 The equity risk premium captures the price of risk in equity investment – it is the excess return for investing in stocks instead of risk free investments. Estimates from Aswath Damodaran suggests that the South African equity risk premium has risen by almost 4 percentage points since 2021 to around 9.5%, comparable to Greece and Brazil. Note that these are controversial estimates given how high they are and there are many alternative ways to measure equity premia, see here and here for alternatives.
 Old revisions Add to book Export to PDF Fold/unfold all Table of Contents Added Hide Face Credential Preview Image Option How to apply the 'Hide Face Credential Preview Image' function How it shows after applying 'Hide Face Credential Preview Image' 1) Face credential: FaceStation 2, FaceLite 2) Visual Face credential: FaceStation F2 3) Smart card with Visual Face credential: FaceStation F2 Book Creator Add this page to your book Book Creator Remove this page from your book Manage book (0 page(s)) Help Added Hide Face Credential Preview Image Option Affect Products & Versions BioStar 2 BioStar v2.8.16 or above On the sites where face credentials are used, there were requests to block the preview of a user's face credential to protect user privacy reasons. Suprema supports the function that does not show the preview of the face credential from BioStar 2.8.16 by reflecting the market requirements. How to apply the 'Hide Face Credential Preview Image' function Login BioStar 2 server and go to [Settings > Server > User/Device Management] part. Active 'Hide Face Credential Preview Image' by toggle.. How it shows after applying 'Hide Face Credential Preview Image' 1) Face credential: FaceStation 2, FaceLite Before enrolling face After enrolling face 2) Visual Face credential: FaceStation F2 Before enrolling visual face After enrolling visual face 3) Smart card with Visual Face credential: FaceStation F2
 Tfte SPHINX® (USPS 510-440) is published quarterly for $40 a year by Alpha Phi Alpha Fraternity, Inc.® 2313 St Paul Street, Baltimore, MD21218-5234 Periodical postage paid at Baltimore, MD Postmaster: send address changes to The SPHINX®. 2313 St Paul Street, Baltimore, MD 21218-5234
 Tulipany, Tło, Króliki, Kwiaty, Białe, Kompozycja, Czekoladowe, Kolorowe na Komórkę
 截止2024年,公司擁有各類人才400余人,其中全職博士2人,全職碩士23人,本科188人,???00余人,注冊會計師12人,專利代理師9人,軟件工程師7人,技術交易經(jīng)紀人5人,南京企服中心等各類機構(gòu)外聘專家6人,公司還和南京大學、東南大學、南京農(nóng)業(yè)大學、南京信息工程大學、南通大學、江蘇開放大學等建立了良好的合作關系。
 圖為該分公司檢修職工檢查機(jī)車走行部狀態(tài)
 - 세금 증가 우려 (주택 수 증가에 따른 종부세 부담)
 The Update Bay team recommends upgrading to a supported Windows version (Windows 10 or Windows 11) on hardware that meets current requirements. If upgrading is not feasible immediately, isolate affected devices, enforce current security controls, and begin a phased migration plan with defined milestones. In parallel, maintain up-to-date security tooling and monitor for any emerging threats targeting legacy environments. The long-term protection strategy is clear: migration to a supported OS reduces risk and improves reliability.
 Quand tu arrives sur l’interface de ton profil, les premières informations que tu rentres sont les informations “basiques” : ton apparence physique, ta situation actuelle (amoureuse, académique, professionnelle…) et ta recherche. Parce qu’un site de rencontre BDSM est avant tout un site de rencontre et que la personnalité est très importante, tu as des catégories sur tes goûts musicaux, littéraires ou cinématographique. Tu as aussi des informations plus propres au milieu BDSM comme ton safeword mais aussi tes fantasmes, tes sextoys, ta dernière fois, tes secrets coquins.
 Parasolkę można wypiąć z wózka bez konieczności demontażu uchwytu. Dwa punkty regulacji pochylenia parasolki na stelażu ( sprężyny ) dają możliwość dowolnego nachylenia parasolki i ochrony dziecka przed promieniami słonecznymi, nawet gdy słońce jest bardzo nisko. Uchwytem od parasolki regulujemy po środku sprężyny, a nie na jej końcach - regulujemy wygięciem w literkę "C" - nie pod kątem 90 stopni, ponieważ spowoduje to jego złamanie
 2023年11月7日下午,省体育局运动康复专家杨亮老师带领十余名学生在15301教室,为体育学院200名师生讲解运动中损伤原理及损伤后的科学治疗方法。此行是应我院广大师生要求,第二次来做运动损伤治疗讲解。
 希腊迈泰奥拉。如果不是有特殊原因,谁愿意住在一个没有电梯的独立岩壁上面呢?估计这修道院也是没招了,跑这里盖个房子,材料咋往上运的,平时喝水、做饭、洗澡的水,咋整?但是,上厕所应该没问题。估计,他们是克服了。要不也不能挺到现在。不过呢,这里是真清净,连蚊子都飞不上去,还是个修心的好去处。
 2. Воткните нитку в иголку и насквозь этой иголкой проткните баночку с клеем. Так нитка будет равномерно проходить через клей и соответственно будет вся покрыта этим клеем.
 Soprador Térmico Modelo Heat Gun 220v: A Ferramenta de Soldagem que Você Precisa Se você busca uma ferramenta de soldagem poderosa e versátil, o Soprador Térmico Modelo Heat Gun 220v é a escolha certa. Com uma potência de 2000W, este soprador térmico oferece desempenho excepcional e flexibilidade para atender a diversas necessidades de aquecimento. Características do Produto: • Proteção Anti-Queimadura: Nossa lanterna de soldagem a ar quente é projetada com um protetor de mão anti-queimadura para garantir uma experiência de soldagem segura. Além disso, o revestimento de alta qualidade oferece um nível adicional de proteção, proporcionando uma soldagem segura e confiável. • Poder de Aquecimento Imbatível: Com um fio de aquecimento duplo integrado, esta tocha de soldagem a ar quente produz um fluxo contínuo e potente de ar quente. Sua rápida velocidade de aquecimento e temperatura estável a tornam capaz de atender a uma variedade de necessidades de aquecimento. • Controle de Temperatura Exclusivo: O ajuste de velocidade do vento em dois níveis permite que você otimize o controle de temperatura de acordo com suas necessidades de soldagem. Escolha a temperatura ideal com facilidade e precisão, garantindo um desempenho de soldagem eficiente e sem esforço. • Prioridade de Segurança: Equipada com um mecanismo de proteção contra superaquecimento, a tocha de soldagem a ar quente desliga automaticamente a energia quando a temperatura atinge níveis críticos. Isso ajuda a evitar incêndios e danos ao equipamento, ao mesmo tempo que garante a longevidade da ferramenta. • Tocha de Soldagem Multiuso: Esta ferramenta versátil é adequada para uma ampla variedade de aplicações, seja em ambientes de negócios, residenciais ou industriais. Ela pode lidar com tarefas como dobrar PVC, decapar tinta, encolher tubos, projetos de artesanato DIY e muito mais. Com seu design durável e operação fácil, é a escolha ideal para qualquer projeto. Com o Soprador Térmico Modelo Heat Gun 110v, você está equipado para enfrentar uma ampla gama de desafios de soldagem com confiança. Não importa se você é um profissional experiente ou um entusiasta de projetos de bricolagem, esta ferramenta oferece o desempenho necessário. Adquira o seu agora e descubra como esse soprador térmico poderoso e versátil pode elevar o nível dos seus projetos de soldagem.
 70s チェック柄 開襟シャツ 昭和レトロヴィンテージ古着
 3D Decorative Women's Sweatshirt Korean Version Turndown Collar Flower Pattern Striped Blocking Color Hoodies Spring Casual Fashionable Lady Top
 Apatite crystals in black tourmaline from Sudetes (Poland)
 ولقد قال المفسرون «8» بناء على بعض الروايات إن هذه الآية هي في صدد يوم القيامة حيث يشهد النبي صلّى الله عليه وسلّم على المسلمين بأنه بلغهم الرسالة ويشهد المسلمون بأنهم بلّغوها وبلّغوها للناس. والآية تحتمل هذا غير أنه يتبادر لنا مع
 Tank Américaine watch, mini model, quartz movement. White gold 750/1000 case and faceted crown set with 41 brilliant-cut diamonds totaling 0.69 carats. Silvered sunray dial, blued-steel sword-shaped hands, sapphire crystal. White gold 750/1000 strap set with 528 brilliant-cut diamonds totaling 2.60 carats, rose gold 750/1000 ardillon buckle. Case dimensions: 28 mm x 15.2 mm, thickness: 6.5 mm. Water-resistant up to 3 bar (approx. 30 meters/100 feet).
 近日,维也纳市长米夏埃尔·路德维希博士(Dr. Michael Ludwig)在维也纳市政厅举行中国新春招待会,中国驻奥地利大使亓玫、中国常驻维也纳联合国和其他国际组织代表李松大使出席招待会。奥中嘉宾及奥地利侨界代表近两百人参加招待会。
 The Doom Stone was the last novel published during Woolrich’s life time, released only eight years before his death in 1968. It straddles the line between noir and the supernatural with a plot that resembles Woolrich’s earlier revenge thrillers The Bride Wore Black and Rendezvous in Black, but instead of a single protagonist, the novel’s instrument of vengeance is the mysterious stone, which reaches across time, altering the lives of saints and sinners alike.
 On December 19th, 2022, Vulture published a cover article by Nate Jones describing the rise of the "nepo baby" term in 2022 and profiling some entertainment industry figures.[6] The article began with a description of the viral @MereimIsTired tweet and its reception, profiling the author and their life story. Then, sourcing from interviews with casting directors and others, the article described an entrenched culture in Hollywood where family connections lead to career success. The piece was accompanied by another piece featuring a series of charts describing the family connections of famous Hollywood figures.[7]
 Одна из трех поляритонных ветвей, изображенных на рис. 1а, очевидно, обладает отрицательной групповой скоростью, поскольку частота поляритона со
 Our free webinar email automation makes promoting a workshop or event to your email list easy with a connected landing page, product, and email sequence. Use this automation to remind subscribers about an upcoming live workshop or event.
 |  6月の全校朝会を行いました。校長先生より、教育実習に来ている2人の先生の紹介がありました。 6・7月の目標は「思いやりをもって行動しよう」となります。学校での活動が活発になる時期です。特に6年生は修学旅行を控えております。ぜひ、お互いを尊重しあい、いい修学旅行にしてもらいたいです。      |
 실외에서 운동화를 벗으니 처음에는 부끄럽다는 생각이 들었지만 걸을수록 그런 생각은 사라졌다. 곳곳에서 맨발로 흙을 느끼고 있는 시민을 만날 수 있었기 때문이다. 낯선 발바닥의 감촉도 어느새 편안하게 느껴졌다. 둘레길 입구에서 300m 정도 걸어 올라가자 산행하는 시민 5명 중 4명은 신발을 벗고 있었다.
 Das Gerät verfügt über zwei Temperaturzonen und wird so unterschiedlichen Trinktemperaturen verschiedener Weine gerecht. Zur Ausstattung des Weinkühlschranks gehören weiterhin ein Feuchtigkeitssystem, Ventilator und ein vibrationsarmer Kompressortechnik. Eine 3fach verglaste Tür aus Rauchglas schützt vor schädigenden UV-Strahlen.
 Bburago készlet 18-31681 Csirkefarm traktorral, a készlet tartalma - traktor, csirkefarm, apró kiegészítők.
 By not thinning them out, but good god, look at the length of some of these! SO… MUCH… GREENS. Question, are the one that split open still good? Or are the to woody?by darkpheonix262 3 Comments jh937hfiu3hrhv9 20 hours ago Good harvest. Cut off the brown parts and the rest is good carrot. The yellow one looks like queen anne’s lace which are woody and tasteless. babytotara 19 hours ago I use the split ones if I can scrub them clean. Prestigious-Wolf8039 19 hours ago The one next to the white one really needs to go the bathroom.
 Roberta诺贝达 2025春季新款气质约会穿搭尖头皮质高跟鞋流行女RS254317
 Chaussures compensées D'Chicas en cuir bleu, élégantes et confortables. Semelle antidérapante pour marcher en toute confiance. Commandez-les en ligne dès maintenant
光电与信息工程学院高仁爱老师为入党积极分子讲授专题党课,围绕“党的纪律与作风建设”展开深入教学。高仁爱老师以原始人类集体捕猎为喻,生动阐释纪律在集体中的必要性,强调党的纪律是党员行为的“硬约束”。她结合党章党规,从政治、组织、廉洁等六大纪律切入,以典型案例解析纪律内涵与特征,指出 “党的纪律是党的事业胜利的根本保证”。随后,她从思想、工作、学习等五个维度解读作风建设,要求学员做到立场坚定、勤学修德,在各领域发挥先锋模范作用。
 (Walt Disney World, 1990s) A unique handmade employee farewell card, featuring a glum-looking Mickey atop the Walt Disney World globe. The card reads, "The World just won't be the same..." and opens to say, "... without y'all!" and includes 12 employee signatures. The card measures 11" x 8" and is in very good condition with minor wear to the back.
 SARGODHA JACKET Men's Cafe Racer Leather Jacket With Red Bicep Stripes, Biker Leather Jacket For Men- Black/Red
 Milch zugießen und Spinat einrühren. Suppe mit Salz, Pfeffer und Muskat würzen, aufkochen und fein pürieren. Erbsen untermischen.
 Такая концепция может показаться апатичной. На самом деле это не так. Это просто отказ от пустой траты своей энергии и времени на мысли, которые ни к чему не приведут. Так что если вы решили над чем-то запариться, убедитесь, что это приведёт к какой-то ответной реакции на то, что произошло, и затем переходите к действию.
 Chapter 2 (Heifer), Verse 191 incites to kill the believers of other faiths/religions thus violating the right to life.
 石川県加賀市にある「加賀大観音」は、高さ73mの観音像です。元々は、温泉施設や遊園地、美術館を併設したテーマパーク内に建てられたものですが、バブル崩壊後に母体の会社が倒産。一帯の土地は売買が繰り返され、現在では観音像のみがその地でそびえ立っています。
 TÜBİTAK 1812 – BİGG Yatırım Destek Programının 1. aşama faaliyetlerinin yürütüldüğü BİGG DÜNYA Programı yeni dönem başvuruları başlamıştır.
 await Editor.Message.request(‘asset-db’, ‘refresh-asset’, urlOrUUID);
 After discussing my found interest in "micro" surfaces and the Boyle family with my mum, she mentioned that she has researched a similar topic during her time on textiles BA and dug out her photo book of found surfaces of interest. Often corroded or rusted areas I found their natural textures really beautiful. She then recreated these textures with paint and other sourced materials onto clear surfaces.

______________________________

◆ **About this exercise**:
Which lines above include "good"? Show each of them by copying it.

◆ **Written answer**:
 By not thinning them out, but good god, look at the length of some of these! SO… MUCH… GREENS. Question, are the one that split open still good? Or are the to woody?by darkpheonix262 3 Comments jh937hfiu3hrhv9 20 hours ago Good harvest. Cut off the brown parts and the rest is good carrot. The yellow one looks like queen anne’s lace which are woody and tasteless. babytotara 19 hours ago I use the split ones if I can scrub them clean. Prestigious-Wolf8039 19 hours ago The one next to the white one really needs to go the bathroom.
 (Walt Disney World, 1990s) A unique handmade employee farewell card, featuring a glum-looking Mickey atop the Walt Disney World globe. The card reads, "The World just won't be the same..." and opens to say, "... without y'all!" and includes 12 employee signatures. The card measures 11" x 8" and is in very good condition with minor wear to the back.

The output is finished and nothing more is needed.